L’Huillier discovered that many different overtones of light arose when she transmitted infrared laser light through a noble gas. Only four women have won the Nobel Physics Prize since the award was first handed out in 1901: Marie Curie (1903), Maria Goeppert Mayer (1963), Donna Strickland (2018) and Andrea Ghez (2020).
L'Huillier was one of the recipients of last year's prestigious Wolf Prize, whose laureates occasionally go on to win the Nobel.
Each overtone is a light wave with a given number of cycles for each cycle in the laser light.
They are caused by the laser light interacting with atoms in the gas; it gives some electrons extra energy that is then emitted as light. L’Huillier has continued to explore this phenomenon, laying the ground for subsequent breakthroughs.
It was earlier tipped that research into light, new materials and cosmic exploration may win the award.

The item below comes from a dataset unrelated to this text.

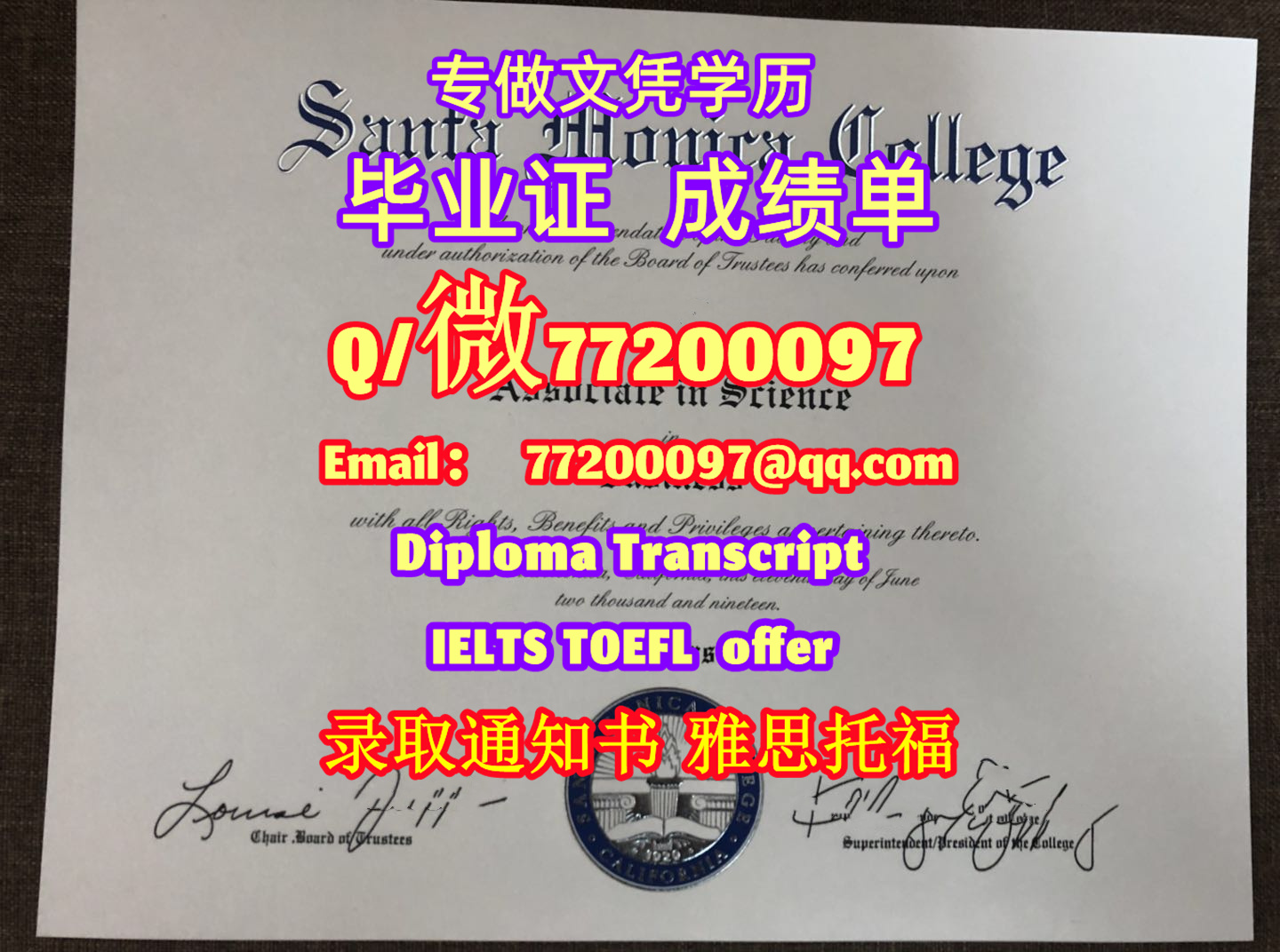 美国学历升级SMC毕业证书定制圣莫尼卡学院学位证书Q/微:77200097有SMC文凭证书精仿SMC学位证书能办SMC成绩单制作圣莫尼卡学院文凭证书雅思托福Santa Monica College Bachelor/Master Diploma Degree Transcript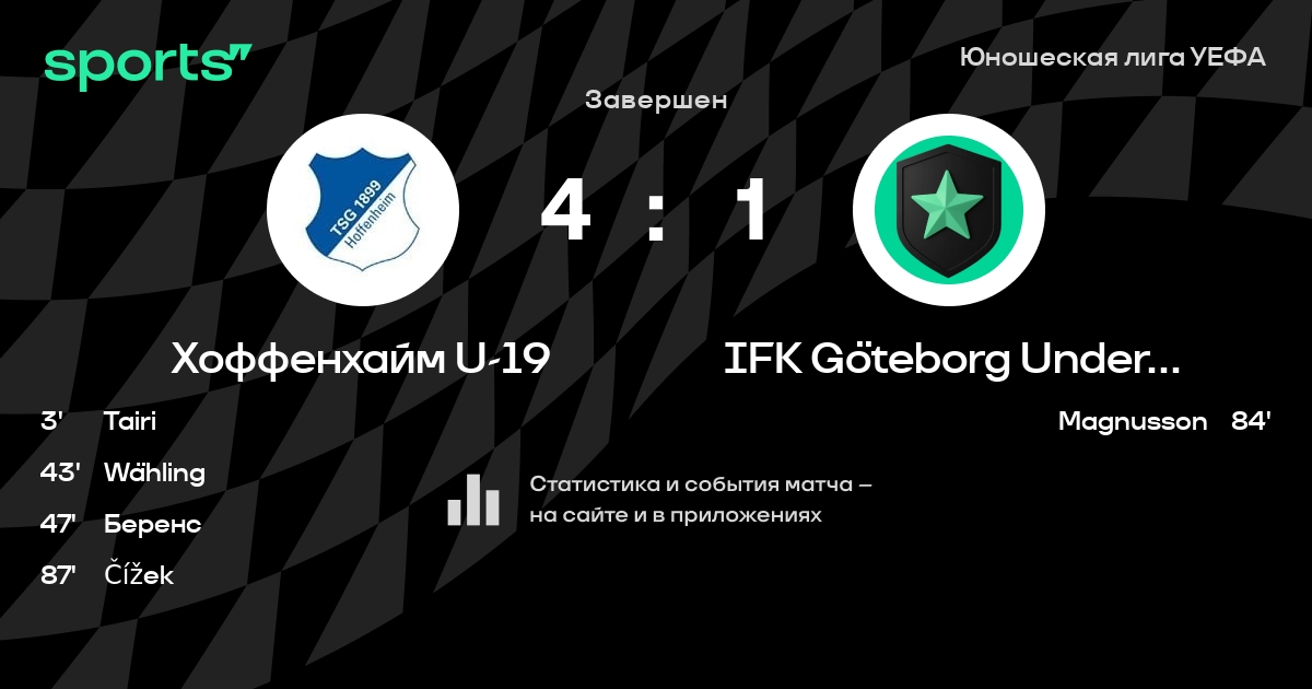 Трансляция Хоффенхайм U-19 - IFK Göteborg Under 19

The Nobel Prize for physics has been presented one day after Hungarian-American Katalin Karikó and American Drew Weissman received the Nobel Prize in medicine for their groundbreaking discoveries that paved the way for the development of mRNA vaccines against COVID-19, a disease that caused a deadly pandemic.
Last year, three scientists jointly received the physics prize for demonstrating that minuscule particles could maintain a connection with each other even when separated. Alain Aspect of France, John Clauser of the United States and Austria's Anton Zeilinger won the Nobel for their work into quantum entanglement, a concept once dismissed by Albert Einstein as «spooky action».